The interview focused on privacy concerns, but of course it wouldn't be Fox News without equal parts sensationalism and distortion:
"A person's private health records are about to become public in one local city, North Adams, Massachusetts."
Just to set the record straight, we are NOT making health records public in North Adams. Let me rephrase this in case there's any confusion: We are NOT making health records public in North Adams. Or in Brockton. Or in Newburyport. Or in any other community that MAeHC sponsors.
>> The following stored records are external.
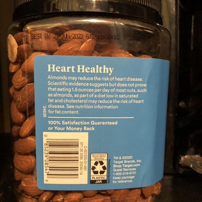 These Lightly Salted* Roasted Almonds from Good & Gather™ are a versatile powerhouse you won't want your pantry to be without. Whether you munch them as a solo snack or use them to enhance a recipe, these roasted, salted almonds pack classic almond flavor that's sure to please. The large container is perfect for keeping at your desk to help you power through your day, on the kitchen counter for a quick snack or for bringing to a party to share with friends. Try topping a salad with them for a touch of extra crunch or mixing into your morning oats for satisfyingly nutty flavor. *see nutrition information for fat content
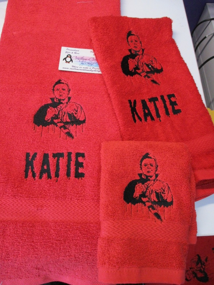Up for sale on this auction is a really nice PERSONALIZED 3 piece towel set: bath (50 x 26) hand (25 x 16) towel and washcloth combo set. This set is red set with Michael face sketch look alike with the name of your choice but I can do any towel, washcloth and or hand towel color that you would like just leave the info in the comment box when you checkout. I have green, purple, tan, chocolate, hot pink, black, dark gray, red, turquoise, white, navy blue, burgundy red, & royal blue. The washcloth is the design only. I do have other designs as well. I do have many thread colors to choose from. All of my items are custom made new and do come from a smoke free home. I will be more then happy to combine shipping charges. If you do not see a design that you are interested in please ask as I am sure I will have it. Designs range from sports, mascots, kids themes, weddings, teens, and many more.... Please leave the info in the comment box when you checkout. PLEASE LEAVE THE TOWEL COLOR AND THE NAME YOU WOULD LIKE IN THE MESSAGE COMMENT BOX WHEN YOU CHECKOUT !!! IF NO INFO IS LEFT THEN I WILL USE THE TOWEL COLOR LISTED IN THE MAIN PIC ALONG WITH THE DESIGN ONLY !!! THANKS FOR LOOKING!!!
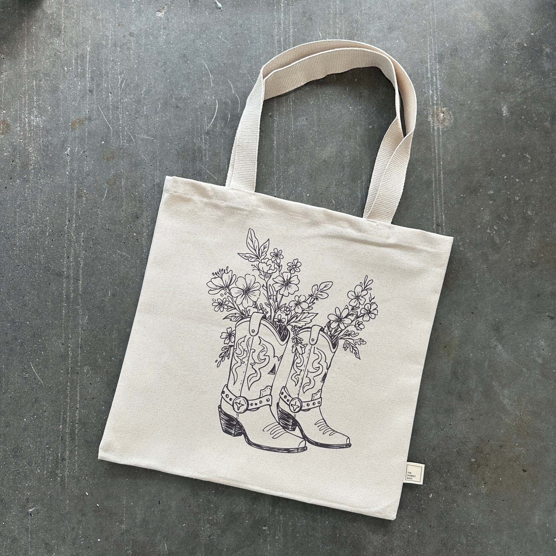 A western twist with a soft side. This oversized tote is made in Canada from 100% recycled cotton canvas and features a the cutest cowgirl graphic! Durable, sustainable, ad eco-friendly.
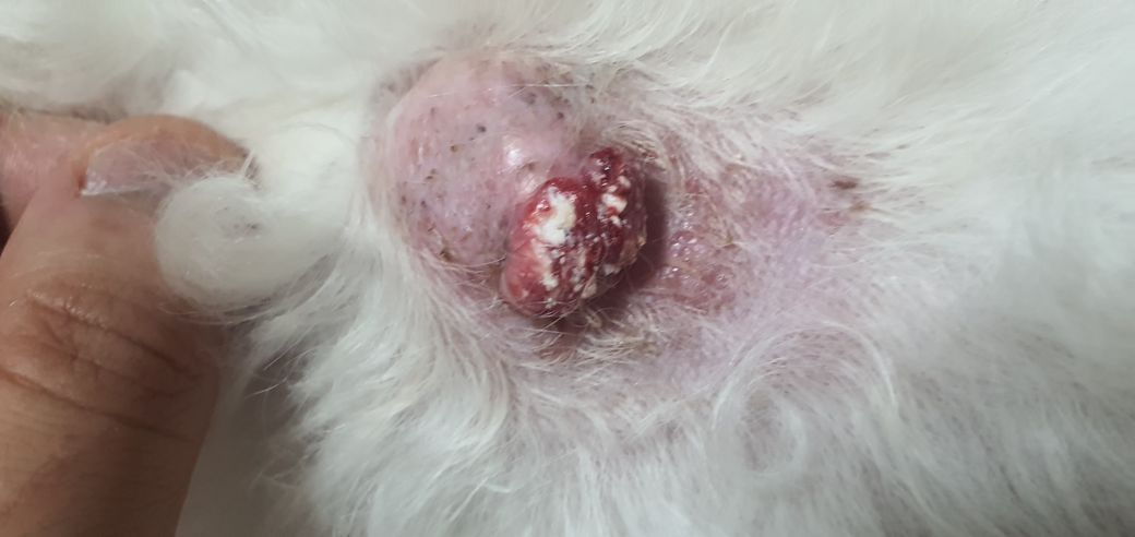 피지일 확률이 높습니다. 동물병원에서 위생적인 환경 하 배농과 필요시 피하의 피막을 제거해야 할 수 있으며, 해당 농이 외부가 아닌 피부 안쪽으로 터지는 등 심할 경우엔 해당 부위를 일부 절개해 한 두 바늘 정도 봉합할 수 있습니다. 사진상으로 보았을 땐 아주 심한 부분은 아닌 것으로 보이긴 하나, 정확한 진단을 위해선 동물병원에서 처치를 받아보시는 것이 좋겠습니다.
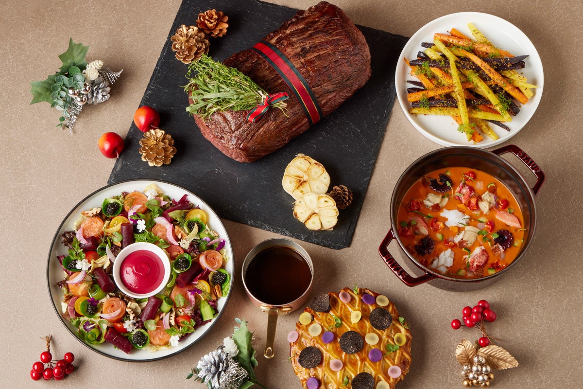 レストランでの食事に加え、家族や恋人、親しい友人たちと共にご自宅で祝うクリスマスは今や定番となりました。ザ・リッツ・カールトン東京では、本年も昨年に引き続き、各種「クリスマス テイクアウトメニュー」をご用意いたします。「名水赤鶏のオーブン焼き ハーブバターと共に」と「根セロリのポタージュスープ」のセットまたは、「国産牛ロースのオーブン焼き」と「マンハッタンスタイル シーフードチャウダー」のセットの2種類からお選びいただき、「三層仕立てのミートパイ 黒トリュフ」、「スモークサーモンとビーツのサラダ キャビア飾り」、「カラフル人参のグラッセ」と共にお愉しみいただけるクリスマス限定の豪華なパーティメニューをご自宅にてご堪能ください。
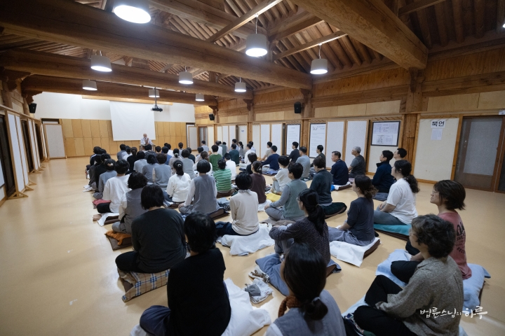 You’ve all tried meditation for five days, but if five days isn’t enough to realize this, you might need to sit still and meditate for about a year before you finally have the great realization that ‘there’s no problem even when I’m just sitting still.’ However, after just five days of meditation like this, there’s a high chance you’ll return to your old habits as soon as you leave. As soon as you go out, you’ll order jjajangmyeon, and starting tonight, you’ll work all night again. Because of this pattern, things always remain the same. Now, if you have any symptoms or questions that arose during meditation, please raise your hand and ask.”
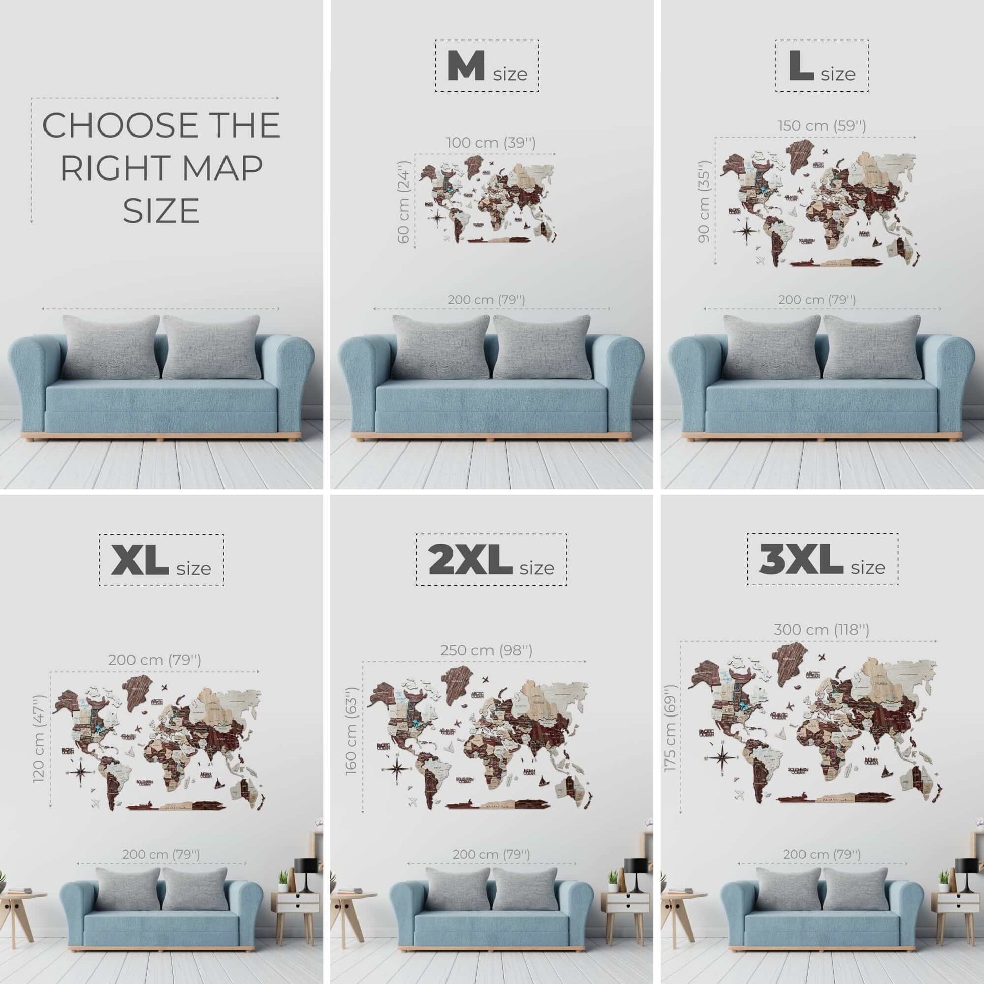 Crafted with certified sustainable birch plywood and fiber wood, our Map is not just decor but a travel planner and memory board. Installation is a breeze, taking just a couple of hours. It's the perfect ready-to-gift addition that lights up your space, available in various sizes.
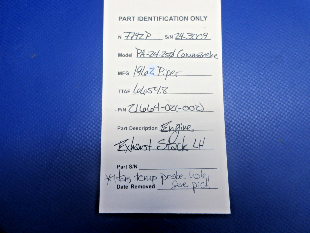 Piper PA-24-250 Comanche Engine Exhaust Stack Left Hand. P/N 21664-02, 21664-002. Has temp probe hole, see pictures. Removed in good condition from a parted out 1962 Piper PA-24-250 Comanche N7792P, S/N 24-3009. TTAF 6,654.8. Guaranteed to pass inspection or your money back.
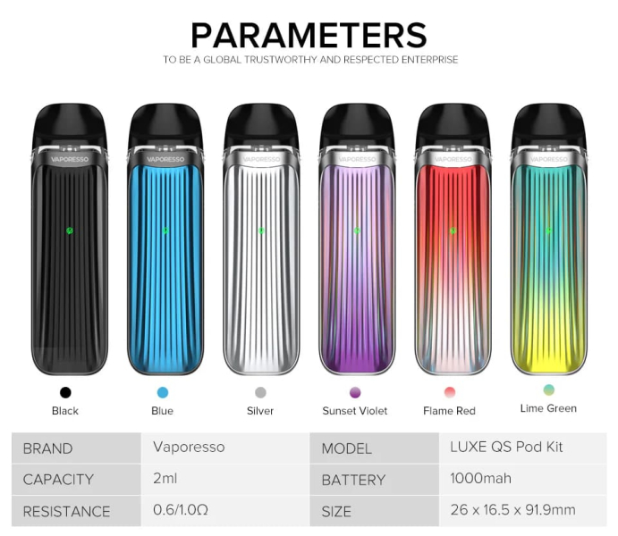 Vaporesso Luxe QS Pod Kit krasi kvalitetno kučište koja daje jedinstven osjećaj u ruci, a precizno podešavanje protoka zraka će zadovoljiti i one najzahtjevnije. Baterija snage 1000mah i spremnik od 3ml će vam pružiti korištenje tijekom cijelog dana. Uzivajte u Corex i Axon tech tehnologiji koja doprinosi dužem trajanju grijača i boljem okusu tekućina. Predivan i luksuzan uređaj TOP kvalitete-odobreno od eRevolucija Shop-a❤️.

What we are doing is launching a health information exchange that will allow medical staff, with patient permission, to exchange health information for treatment purposes and for the improvement of care. This exchange will occur over a private, encrypted network that can only be accessed by authorized medical staff users.
Anyway, as expected, John handled the interview beautifully. Gave the issue the appropriate balance, described the security measures we're putting in place, stressed that patients will choose whether to participate, and finally, crisply explained why a patient might want to make that choice.
By the end he even had the interviewer admitting that it would be good to have health information available in this way. It was particularly impressive given that he was crammed in between stories on a student who wants to rent a girlfriend, and what's happening on American Idol.
Thank you, John, for so eloquently getting out the message on MAeHC's approach to patient privacy and health exchange. But next time, please try to get in before the girlfriend rental story....
1 comment:
I thought John was a finalist on American Idol -- I was so disappointed. :))
Oh well, we will have to just have him as an excellent ambassador for these other important initiatives.